The Great Aunt Catherine Debates #1 : What Did Antony Mean?

As I mentioned here, the funeral service for my great aunt Catherine brought up a number of Shakespeare questions.  The priest read Antony's line about "The evil that men do lives after them, the good is oft interred with their bones," and then went on to explain how Shakespeare was wrong, how you should strive to do good in your life because your good deeds will outlive you.

My question to you is, how would you "correct" this interpretation of the line?  Why did Shakespeare have Antony say it?  Imagine you've just bumped into somebody who was at that service (my aunt's, not Caesar's), who'd never heard this line before and now thinks that "Shakespeare was wrong."  What would you say to correct this person's understanding of the passage, in context?

For example I tried to explain to my wife about the complexity of Antony's situation at that particular moment. He's been given permission to speak at Caesar's funeral by the guys that killed Caesar in the first place. It's not like he can get up there and say that Caesar was an awesome guy and it's a shame he died.  He has to at least pretend that he agrees with them that Caesar was a bad dude.


So Let It Be With Great Aunt Catherine?

So over the holidays a family member passed away, and my wife and I drove down to attend the funeral.  She was elderly and in failing health, so this was not a surprise.

I wasn't prepared for the Shakespeare sermon.  When the priest said, "A long time ago, a man named William Shakespeare wrote...." and more than a few heads turned and looked at me :).  I perked up, curious.  Which Shakespeare would he be going with?

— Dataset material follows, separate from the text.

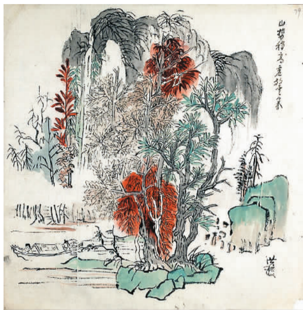
临古画稿之陈洪绶（黔斋基金会藏） 黄宾虹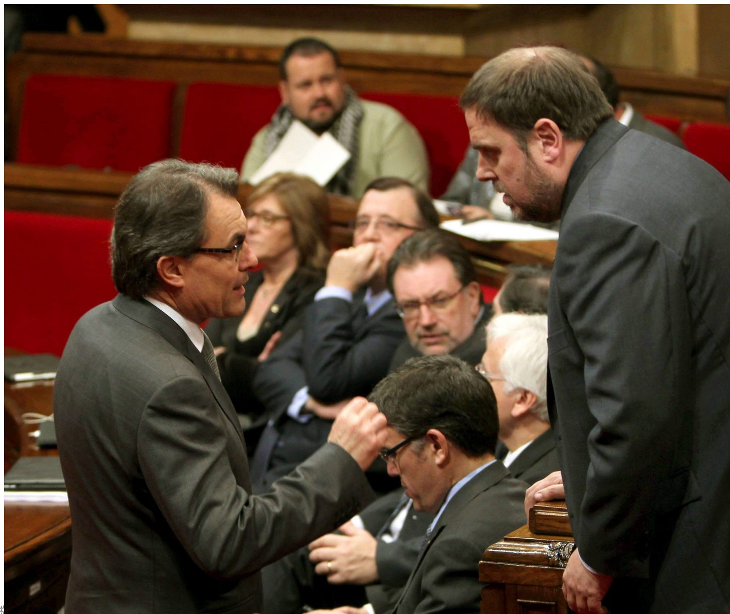
El president Artur Mas i Oriol Junqueras han signat un pacte d'estabilitat parlamentària que fixa la celebració de la consulta el 2014.

He continued, "Marc Antony spoke these words over the body of Julius Caesar..."  Really?  "The evil that men do lives after them, the good is oft interred with their bones.  So let it be with Caesar." That's different.  Great Aunt Catherine was not an assassinated potential dictator, after all.  At least, that I know of.

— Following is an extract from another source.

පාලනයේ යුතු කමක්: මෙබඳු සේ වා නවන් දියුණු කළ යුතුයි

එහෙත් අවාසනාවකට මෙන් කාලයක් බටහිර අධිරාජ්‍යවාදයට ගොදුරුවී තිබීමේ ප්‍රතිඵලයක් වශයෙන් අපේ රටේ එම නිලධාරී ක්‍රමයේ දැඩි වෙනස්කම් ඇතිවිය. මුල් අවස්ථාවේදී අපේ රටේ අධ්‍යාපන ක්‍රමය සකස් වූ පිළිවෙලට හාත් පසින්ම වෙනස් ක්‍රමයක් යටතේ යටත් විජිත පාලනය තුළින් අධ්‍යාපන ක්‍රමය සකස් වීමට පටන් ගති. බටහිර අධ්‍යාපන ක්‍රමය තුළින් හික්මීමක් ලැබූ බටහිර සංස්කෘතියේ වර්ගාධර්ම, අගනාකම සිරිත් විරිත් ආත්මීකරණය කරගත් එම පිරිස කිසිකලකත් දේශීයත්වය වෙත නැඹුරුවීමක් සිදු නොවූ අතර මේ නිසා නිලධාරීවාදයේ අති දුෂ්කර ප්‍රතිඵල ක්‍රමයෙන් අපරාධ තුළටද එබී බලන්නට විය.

He then went on to focus his sermon on how Shakespeare was wrong, and how the good that you do in your life does live after you, and it's the bad stuff that should be put to rest.

I get his point. He spotted a line that gave him a launching point for what he wanted to say, and he snipped it out of context. No matter how much the words "Shakespeare was wrong" grate on me, I'm not going to debate with the priest on what Antony's true feelings were toward Caesar.

That's what this forum is for. :)

I have at least three different questions coming out of that service, and I think it's only fair to post them separately so that conversations don't all stomp all over each other.  Look for posts to follow shortly.

Friday, December 16, 2011

Juggling Sonnets

Tough day yesterday all around.

I have a habit at my day job of wandering around and juggling when I need to get up from the desk.  So I did so, wandering over to a coworker's desk as I often do. 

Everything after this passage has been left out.